• [ASSIGNMENT]: Your copy should hold every record exactly and no images.

(Entries taken from a collection)
┏━━

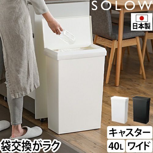 SOLOW (ソロウ) 通路で使える ワイドダストボックス ハンドオープン40L
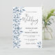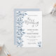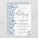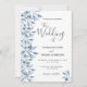 En bröllopsinbjudan till trendiget i vitt och dammblått. En vit chic på framsidan. Dekorerad med botaniska blåa färgader och löv. Modern stor, hanterad text, typografi med texten: bröllop i. Mallar för namn och bröllop. Mörk grått text. Baksida: dammig blå bakgrund.
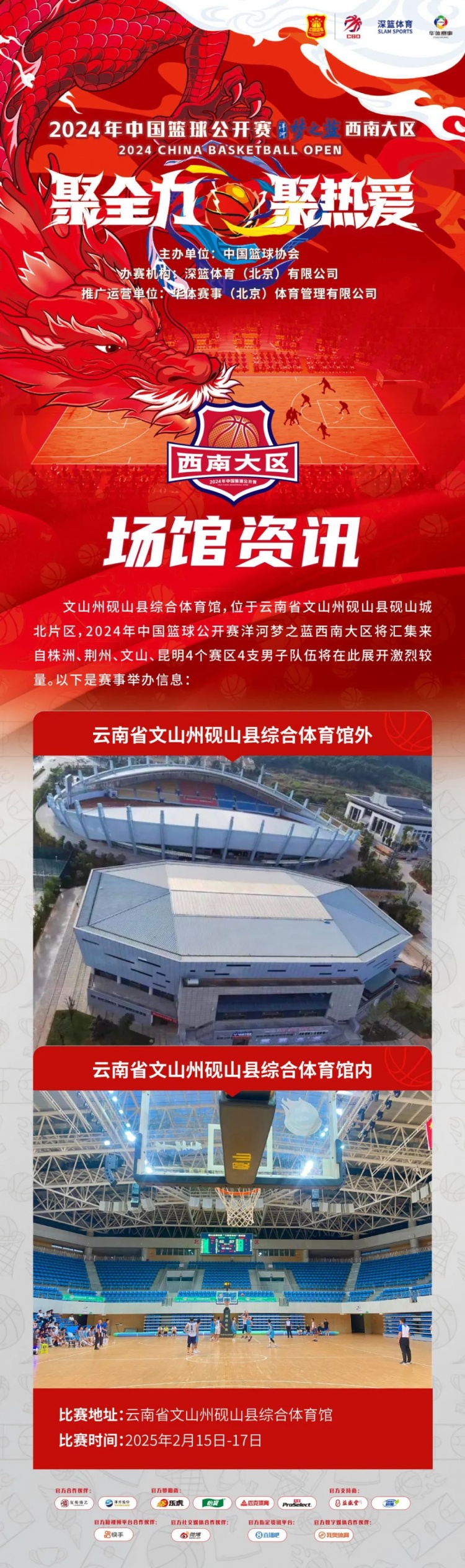 2月15日-17日,2024年中國籃球公開賽洋河夢(mèng)之藍(lán)西南大區(qū)賽將在云南省文山州硯山縣綜合體育館舉辦,來自西南賽區(qū)各省市的4支男籃隊(duì)伍將在文山硯山激烈爭(zhēng)奪通往全國總決賽的入場(chǎng)劵。新年伊始,齊聚文山,誰能在這場(chǎng)激烈競(jìng)爭(zhēng)中突出重圍,捧起通過全國總決賽的希望之鑰,讓我們拭目以待!
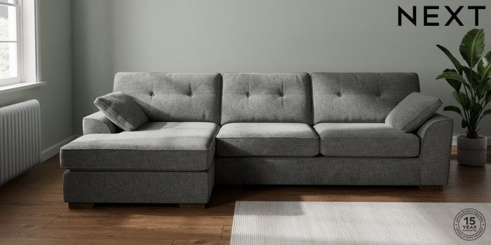 7.2.10 Buy Stamford Buttoned Back Large Sofa Chaise - Left Hand Chunky Chenille Dark Grey Large Square Angle - Mid from the Laura Ashley online shop Click here to use our website with more accessibility support, for example screen readers
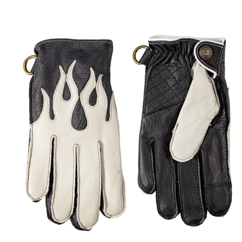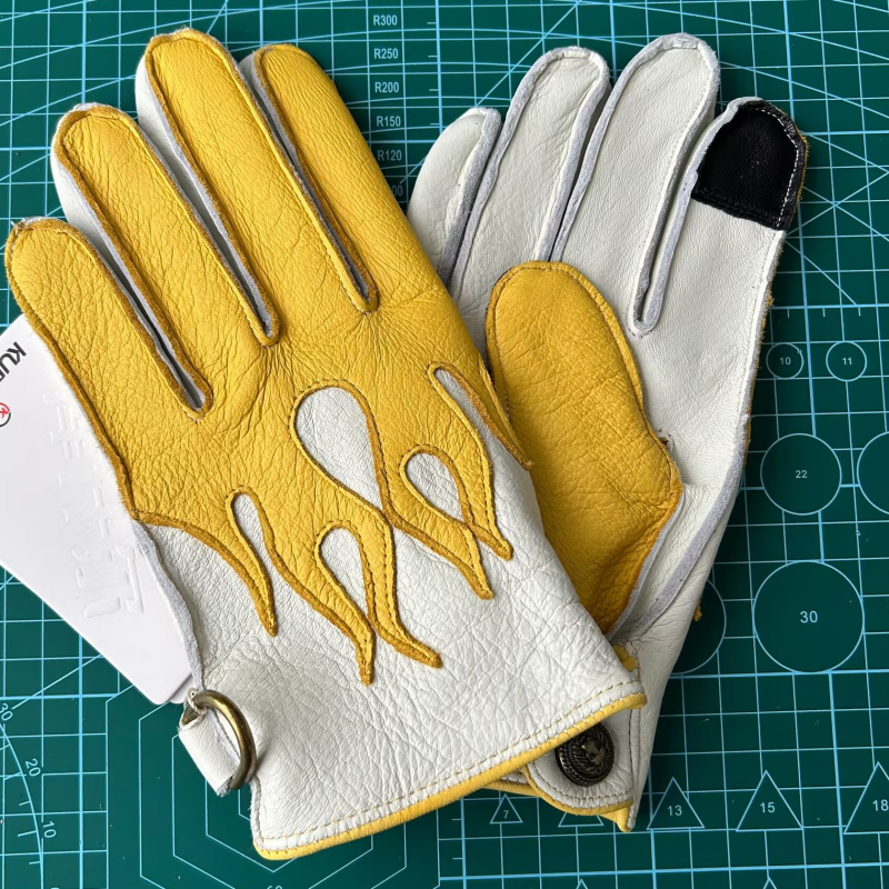 鹿皮新款火焰驾驶机车复古运动情侣真皮手套男女触屏保暖白色手套
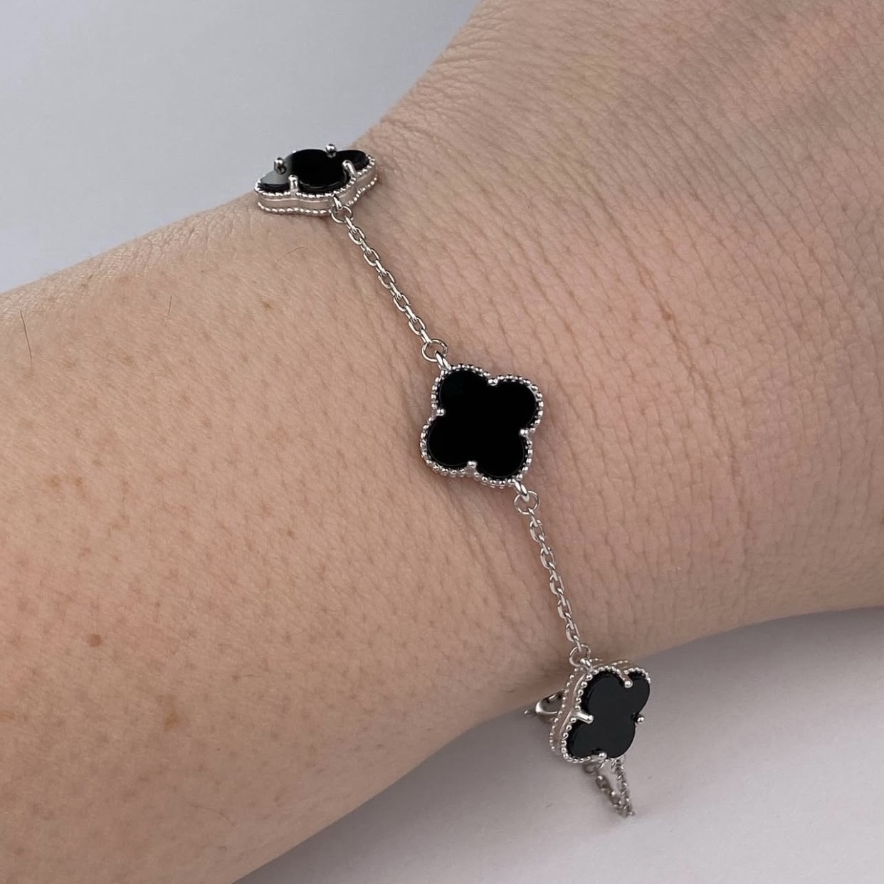 На браслеті розташовані чотири квітки-конюшини, інкрустовані чорним оніксом. Камінь має глибокий, насичений колір, що підкреслює елегантність і додає прикрасі універсальності. Онікс традиційно вважають каменем внутрішньої сили й впевненості — він чудово підходить тим, хто цінує баланс між стриманістю і виразністю.
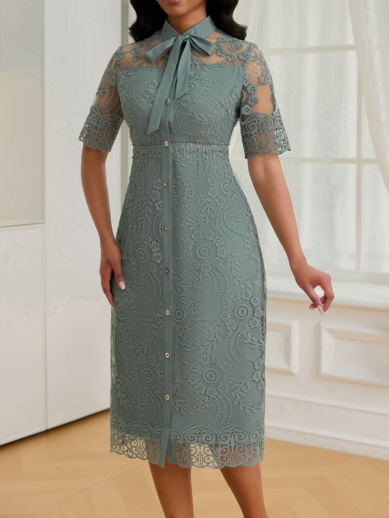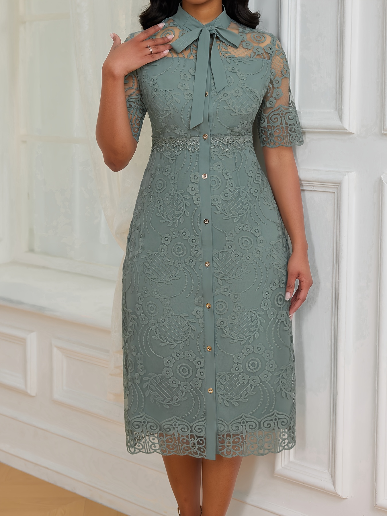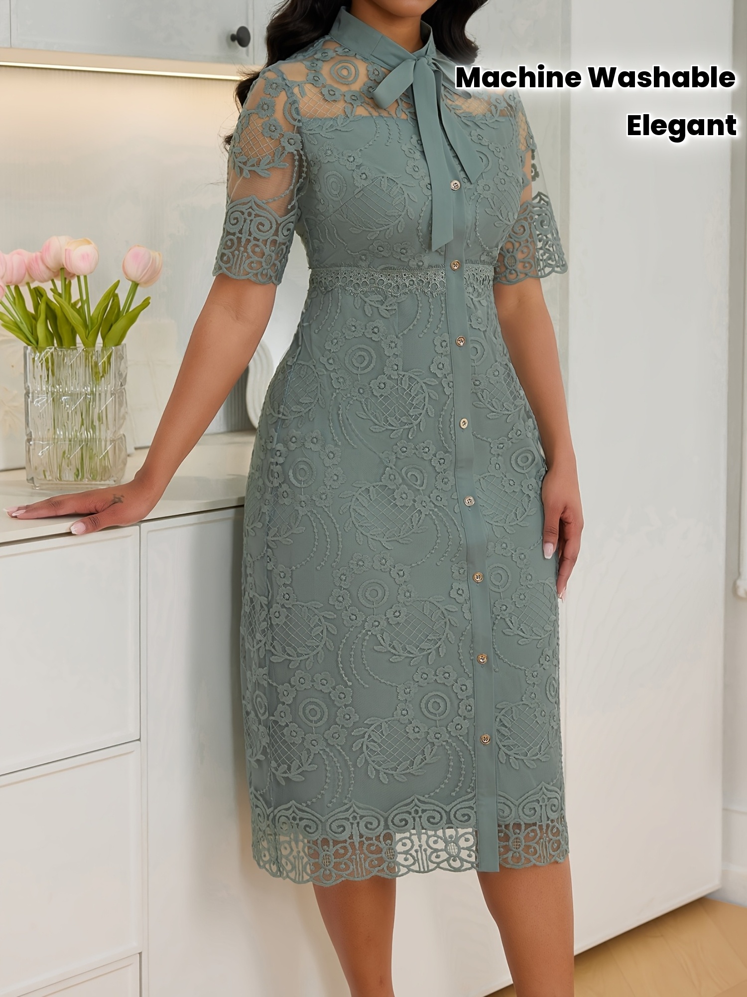Women's Elegant Embroidered Lace Slim-Fit Midi Dress with Lace-Up Front & Short Sleeves - Machine Washable A-Line Silhouette for All-Season Wear, HRYY284

┗━━

• [SOLUTION TO THIS TASK]:
 SOLOW (ソロウ) 通路で使える ワイドダストボックス ハンドオープン40L
 En bröllopsinbjudan till trendiget i vitt och dammblått. En vit chic på framsidan. Dekorerad med botaniska blåa färgader och löv. Modern stor, hanterad text, typografi med texten: bröllop i. Mallar för namn och bröllop. Mörk grått text. Baksida: dammig blå bakgrund.
 2月15日-17日,2024年中國籃球公開賽洋河夢(mèng)之藍(lán)西南大區(qū)賽將在云南省文山州硯山縣綜合體育館舉辦,來自西南賽區(qū)各省市的4支男籃隊(duì)伍將在文山硯山激烈爭(zhēng)奪通往全國總決賽的入場(chǎng)劵。新年伊始,齊聚文山,誰能在這場(chǎng)激烈競(jìng)爭(zhēng)中突出重圍,捧起通過全國總決賽的希望之鑰,讓我們拭目以待!
 7.2.10 Buy Stamford Buttoned Back Large Sofa Chaise - Left Hand Chunky Chenille Dark Grey Large Square Angle - Mid from the Laura Ashley online shop Click here to use our website with more accessibility support, for example screen readers
 鹿皮新款火焰驾驶机车复古运动情侣真皮手套男女触屏保暖白色手套
 На браслеті розташовані чотири квітки-конюшини, інкрустовані чорним оніксом. Камінь має глибокий, насичений колір, що підкреслює елегантність і додає прикрасі універсальності. Онікс традиційно вважають каменем внутрішньої сили й впевненості — він чудово підходить тим, хто цінує баланс між стриманістю і виразністю.
Women's Elegant Embroidered Lace Slim-Fit Midi Dress with Lace-Up Front & Short Sleeves - Machine Washable A-Line Silhouette for All-Season Wear, HRYY284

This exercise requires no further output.